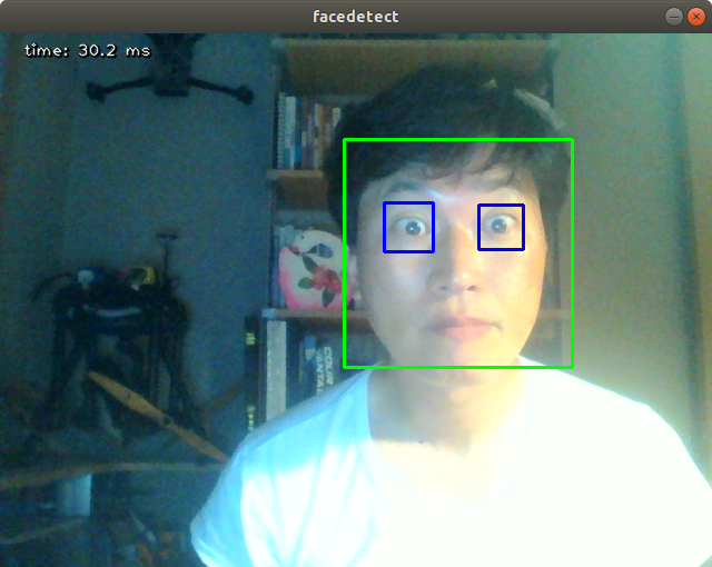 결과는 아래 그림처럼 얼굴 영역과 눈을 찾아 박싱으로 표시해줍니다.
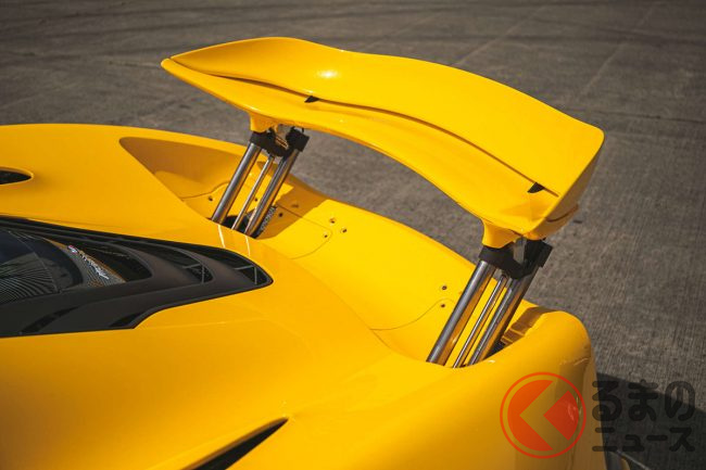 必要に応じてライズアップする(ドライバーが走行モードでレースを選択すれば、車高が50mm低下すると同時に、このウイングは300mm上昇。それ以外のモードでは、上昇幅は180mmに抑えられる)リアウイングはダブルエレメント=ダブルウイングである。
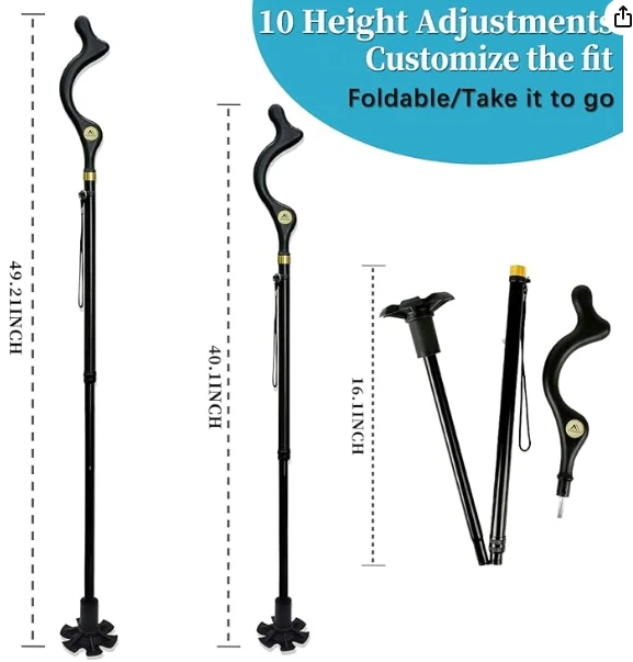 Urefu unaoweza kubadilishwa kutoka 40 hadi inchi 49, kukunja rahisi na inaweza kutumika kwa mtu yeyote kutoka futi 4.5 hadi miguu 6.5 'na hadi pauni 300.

--

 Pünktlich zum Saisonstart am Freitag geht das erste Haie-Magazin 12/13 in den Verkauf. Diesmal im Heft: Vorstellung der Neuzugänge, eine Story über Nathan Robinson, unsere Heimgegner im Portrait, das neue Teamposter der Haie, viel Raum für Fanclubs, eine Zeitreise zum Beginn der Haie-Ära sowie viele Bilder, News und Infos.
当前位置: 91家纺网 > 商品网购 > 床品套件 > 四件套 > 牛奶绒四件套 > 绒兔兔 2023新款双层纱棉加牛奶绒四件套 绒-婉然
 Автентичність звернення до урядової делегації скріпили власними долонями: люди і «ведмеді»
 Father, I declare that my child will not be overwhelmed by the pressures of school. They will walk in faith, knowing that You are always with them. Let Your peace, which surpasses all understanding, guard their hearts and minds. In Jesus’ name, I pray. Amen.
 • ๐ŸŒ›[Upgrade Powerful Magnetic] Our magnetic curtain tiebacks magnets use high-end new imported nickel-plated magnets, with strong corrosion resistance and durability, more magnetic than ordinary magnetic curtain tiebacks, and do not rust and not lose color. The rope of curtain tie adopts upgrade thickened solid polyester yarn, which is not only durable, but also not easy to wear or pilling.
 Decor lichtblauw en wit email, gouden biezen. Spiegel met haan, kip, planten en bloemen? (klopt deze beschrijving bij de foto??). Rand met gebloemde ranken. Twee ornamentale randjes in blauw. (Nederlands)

==

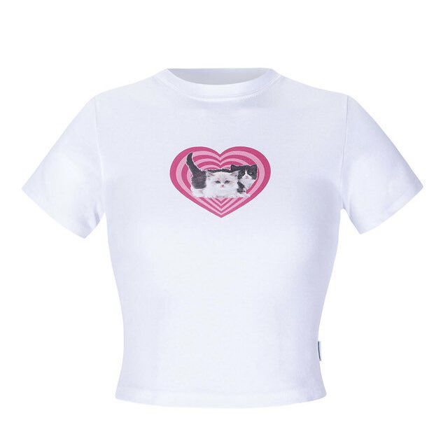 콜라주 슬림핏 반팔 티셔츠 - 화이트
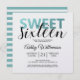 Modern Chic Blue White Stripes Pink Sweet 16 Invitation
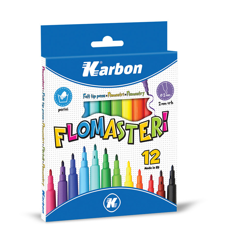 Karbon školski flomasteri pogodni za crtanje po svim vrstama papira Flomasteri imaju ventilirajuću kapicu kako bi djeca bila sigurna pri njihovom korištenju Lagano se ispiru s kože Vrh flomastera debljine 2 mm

GOAL OF THE EXERCISE =
Your answer should consist only of the lines above between the line holding "当前位置: 91家纺网 >" and the line holding "wear or pilling.", inclusive, each transcribed exactly.

RESPONSE =
当前位置: 91家纺网 > 商品网购 > 床品套件 > 四件套 > 牛奶绒四件套 > 绒兔兔 2023新款双层纱棉加牛奶绒四件套 绒-婉然
 Автентичність звернення до урядової делегації скріпили власними долонями: люди і «ведмеді»
 Father, I declare that my child will not be overwhelmed by the pressures of school. They will walk in faith, knowing that You are always with them. Let Your peace, which surpasses all understanding, guard their hearts and minds. In Jesus’ name, I pray. Amen.
 • ๐ŸŒ›[Upgrade Powerful Magnetic] Our magnetic curtain tiebacks magnets use high-end new imported nickel-plated magnets, with strong corrosion resistance and durability, more magnetic than ordinary magnetic curtain tiebacks, and do not rust and not lose color. The rope of curtain tie adopts upgrade thickened solid polyester yarn, which is not only durable, but also not easy to wear or pilling.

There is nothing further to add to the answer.